According to the Hartford Institute for Religion Research, a megachurch is a church averaging 2,000 or more weekly attenders. There were roughly 1,170 megachurches in the U.S. in 2023, a decrease from the 1,750 megachurches reported by the Hartford Institute in 2020.
Young went on to boldly assert, “Hey, if you think the church is too big, then you’re not going to like Heaven, because Heaven is going to be a big place. If a church is around a lot of people, it should be big in the context of being big.”
In 2020, a Lifeway Research study found the average church in the U.S. seats roughly 200 people, but the median weekly attendance is 65 worshipers. Megachurches, it should be noted, only make up about 0.5% of churches across the country, serving about four million weekly congregants.

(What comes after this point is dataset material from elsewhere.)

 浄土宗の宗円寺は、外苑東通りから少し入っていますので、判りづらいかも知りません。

Young’s comments come as a handful of megachurch leaders have in recent months faced intense scrutiny for immoral and concerning behavior.

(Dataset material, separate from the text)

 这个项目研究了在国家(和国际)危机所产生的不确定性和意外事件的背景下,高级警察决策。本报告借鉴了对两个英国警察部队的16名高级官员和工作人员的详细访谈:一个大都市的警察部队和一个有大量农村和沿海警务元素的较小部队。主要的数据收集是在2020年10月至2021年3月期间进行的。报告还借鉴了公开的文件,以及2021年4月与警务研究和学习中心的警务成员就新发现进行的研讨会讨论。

Most recently, Robert Morris, the disgraced founder and pastor of Gateway Church in Southlake, Texas, was ousted from his prominent, longtime role in the spotlight after the now-adult Cindy Clemishire accused Morris of molesting her in the 1980s, when she was 12 years old.
“Like most believers, you don’t want to do anything that’s going to tarnish the name of God,” Clemishire told CBN News this summer of why she took so long to speak out about Morris’ alleged misconduct. “You don’t want to tarnish the church, you don’t want to hurt other believers, you don’t want to, you know, cause another person to not come to Jesus.”
Her goal, she stated at the time, is to keep Morris from continuing to advance in church leadership
Morris, when he resigned from Gateway as a result of the allegations, described engaging in “inappropriate sexual behavior with a young lady” in a home he stayed in during his 20s. He further stated it “was kissing and petting and not intercourse, but it was wrong.” Clemishire, for her part, took issue with the ex-pastor’s characterization of her as “a young lady,” given she was a prepubescent child at the time of the purported wrongdoing.